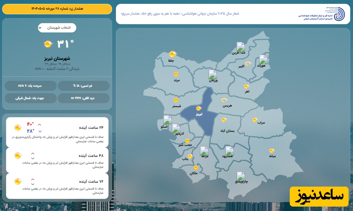 وضعیت آب و هوای امروز تبریز
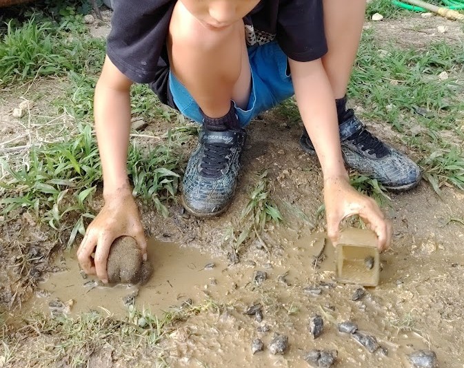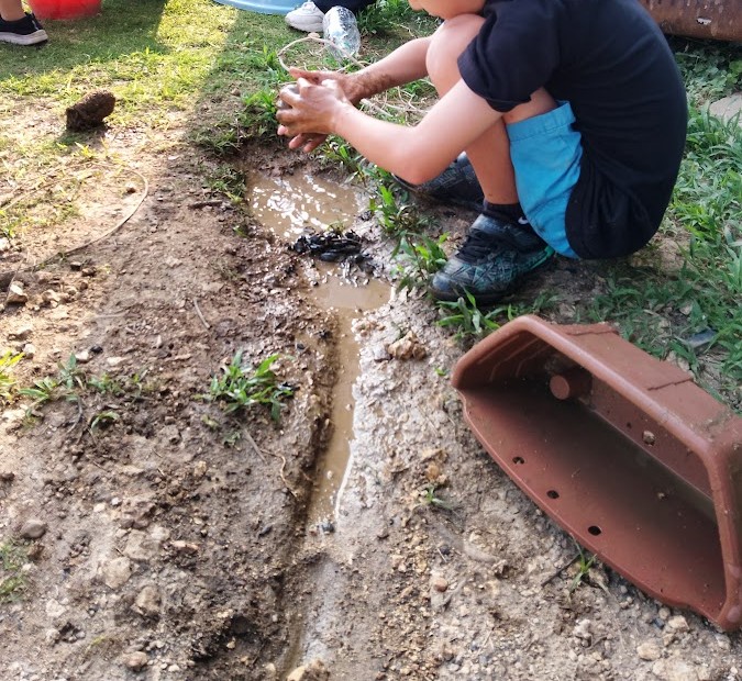 いる Kくんが。 今日も 水と土の 感触を 楽しみ 水の流れを 止めたり 開放したりを
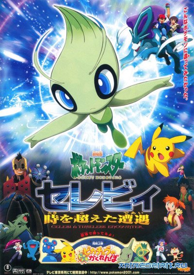 Описание: (Покемон Фильм: Селеби - голос леса) Сорок лет назад, мальчик по имени Юкинари спас божество леса, Покемона по имени Селеби, от рук браконьера. Селеби использовала свою способность путешествия во времени и телепортировал себя и Юкинари на 40 лет в будущее, во времена путешествия Эша и его друзей. Эш Кетчум, Брок и Мисти узнав об этом, собираются найти тех двоих, и отправить обратно в их измерение, пока зловещий лорд Вишес не напал и не захватил Селеби. Лорд Вишес обладает особым предметом – “темный шар”, способный превратить Селеби в темного Покемона, который способен захватить весь мир. Но, не один лорд охотится за столь редким Покемоном, команда «R» тоже надеется поймать его. Эшу и его друзьям предстоит разобраться с командой «R» и лордом Вишесом, чтобы спасти мир!
------------------------------------------------------------
**EXERCISE INSTRUCTIONS:** A faithful copy of all the data above is required, printed exactly and with no pictures.

**TASK RESULT:**
 وضعیت آب و هوای امروز تبریز
 いる Kくんが。 今日も 水と土の 感触を 楽しみ 水の流れを 止めたり 開放したりを
 Описание: (Покемон Фильм: Селеби - голос леса) Сорок лет назад, мальчик по имени Юкинари спас божество леса, Покемона по имени Селеби, от рук браконьера. Селеби использовала свою способность путешествия во времени и телепортировал себя и Юкинари на 40 лет в будущее, во времена путешествия Эша и его друзей. Эш Кетчум, Брок и Мисти узнав об этом, собираются найти тех двоих, и отправить обратно в их измерение, пока зловещий лорд Вишес не напал и не захватил Селеби. Лорд Вишес обладает особым предметом – “темный шар”, способный превратить Селеби в темного Покемона, который способен захватить весь мир. Но, не один лорд охотится за столь редким Покемоном, команда «R» тоже надеется поймать его. Эшу и его друзьям предстоит разобраться с командой «R» и лордом Вишесом, чтобы спасти мир!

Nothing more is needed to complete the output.